На русской няне настояла Анна, которая хотела, чтобы ее дочь помнила о своих корнях и обязательно научилась говорить по-русски.

Только Счастливчик проигнорировал возвращение хозяина, видимо, где-то прятался. Впрочем, хозяйкой он считал Анну, а к Нику относился довольно индифферентно. Хотя в данном случае, возможно, просто боялся, что его накажут за воровство.

Мысли о Счастливчике напомнили Нику, как, глядя на совершенной формы руки Элизабет, он не раз представлял себя свернувшимся у нее на коленях котенком, которого ласкают эти руки, перебирая длинными пальцами его шерстку. И, стоило ему подумать о Лизе, как он сразу ощутил легкое головокружение, даже возбуждение, слишком эротическое, при условии, что он держал в объятиях свою дочь.

Ник аккуратно опустил Дженнифер на пол, а она схватила его за руку и потянула куда-то за собой.

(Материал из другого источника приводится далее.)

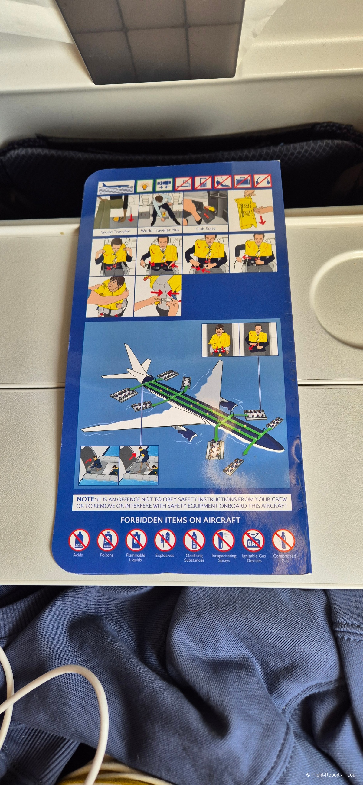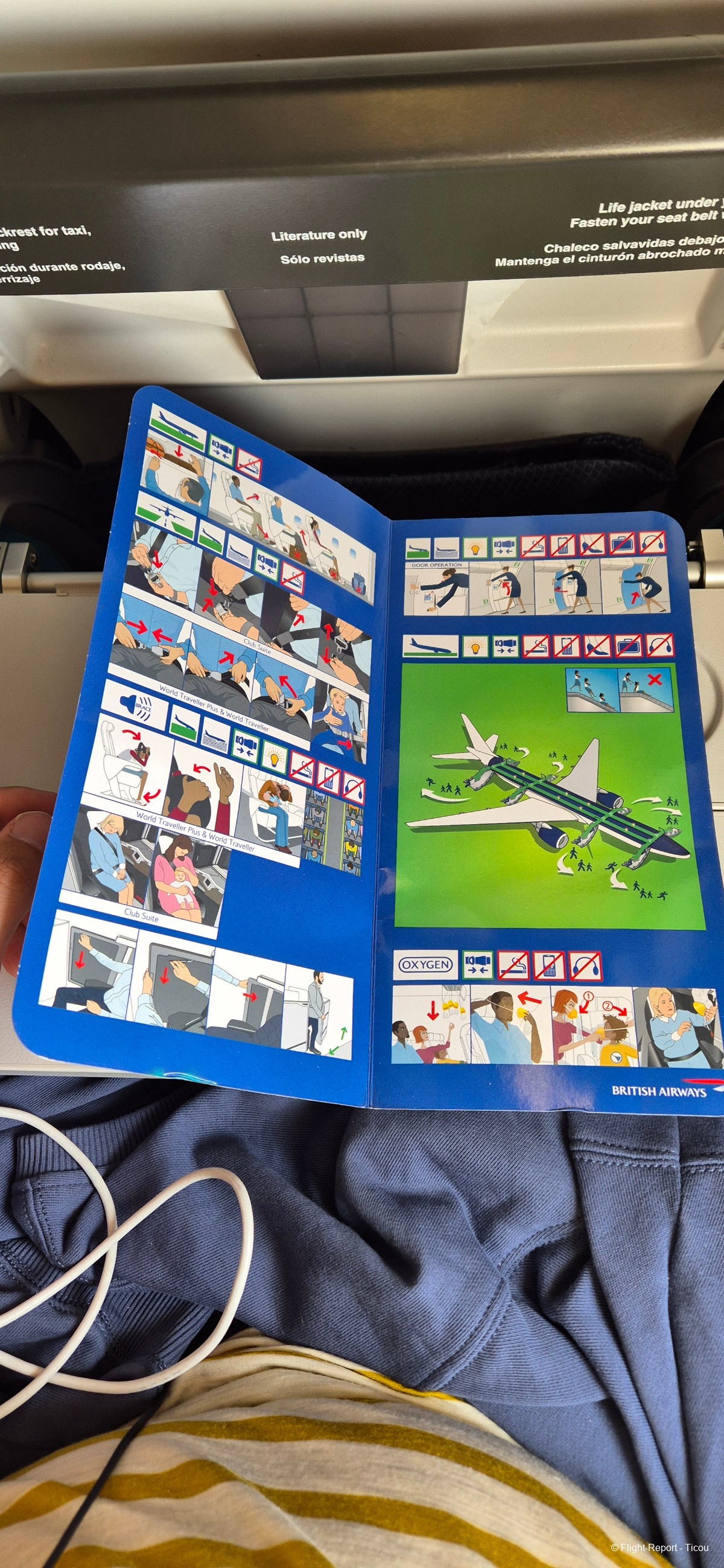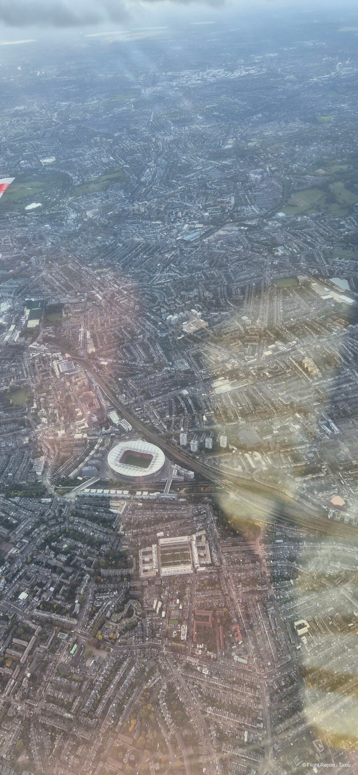 Trente minutes avant l'atterrissage, les lumières sont totalement rallumées et le personnel naviguant commercial s'efforce de préparer la cabine en vue de notre arrivée à LHR. Les caches hublots sont remontés et je me dis qu'il serait temps d'immortaliser les fiches de sécurité de cet A350. J'y ajoute également une vue aérienne du Nord de Londres où on reconnaît le stade de football d'Arsenal qui porte le nom d'une compagnie concurrente à BA, ainsi que l'ancien Highbury qui a longtemps accueilli les Gunners.
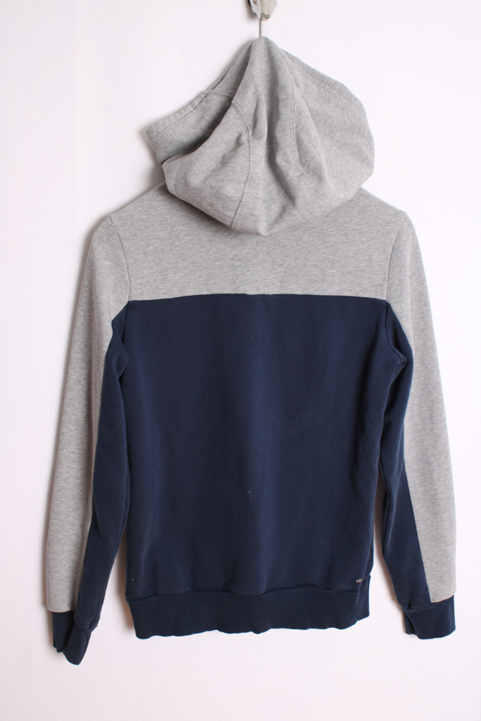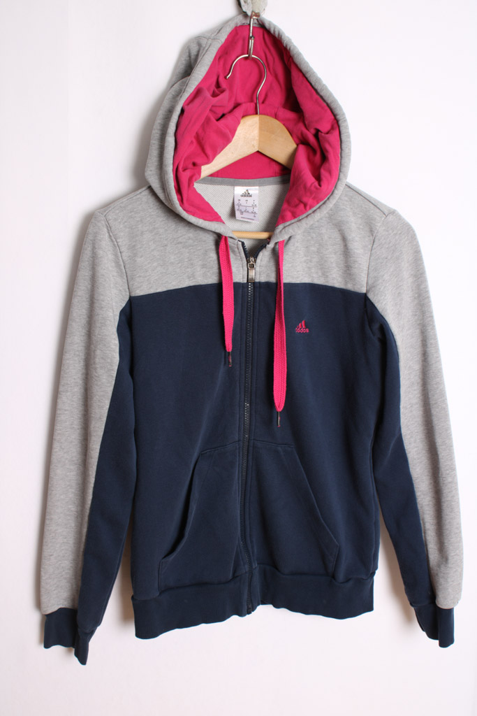 Sudadera con capucha vintage de la marca Adidas con cremallera central en colores azul marino, gris y fucsia.

Он улыбнулся няне Наташе, пожал плечами, – мол, вынужден подчиниться, – и последовал за дочкой в гостиную.

Там она «завалила» его на диван и, стоя рядом, принялась отрабатывать на нем боксерские приемы – бум-бум, БУМ! Ник поймал ладонями ее маленькие кулачки, колотившие его грудь, – нет, это ей не понравилось, она с досадой попыталась высвободиться.

– Дженни, ты бы полегче, – засмеялся он.

– Не хочу полегче, хочу, наоборот, посильнее.

– Чтобы я стонал? – Да, обязательно!

Ник поцеловал ее в шею, Дженнифер не отстранилась, чего вполне можно было ожидать, поскольку, как она говорила: «Не люблю я все эти ваши взрослые нежности», – но и никак не отреагировала на прикосновение его губ. Он снова поцеловал ее – и опять никакого внимания; насупившись, что-то обдумывает, прислушивается к себе.

– Пап, мне уже шесть лет, – наконец сказала она. – Я уже большая и хочу знать, в чем смысл жизни. Я слышала, как мама говорила по телефону, что не видит смысла в своей жизни. Так в чем он, этот смысл? – В чем смысл жизни? Ммм. Сложный вопрос…

– Ты считаешь, что спрашивать об этом – неприлично?

– Ну, почему же неприлично, очень даже прилично, но я как-то… Дай мне минутку сообразить.

– Но только минутку, а то я еще хотела показать тебе свои последние рисунки.

Надо будет объяснить Анне, что вести такие телефонные разговоры при ребенке не следует, подумал Ник.

– Видишь ли, – подбирая слова, вновь заговорил он, – смысл в том, что не нужно искать никакого смысла, нужно просто жить, жить, как живется, пойми это, и все сразу станет ясно. Наверное, есть какие-нибудь философы и специалисты, которые во всем этом разобрались, но нам-то с тобой зачем ломать голову? Надо просто жить и радоваться жизни… понимаешь?

– Понимаю, – очень серьезно ответила Дженнифер.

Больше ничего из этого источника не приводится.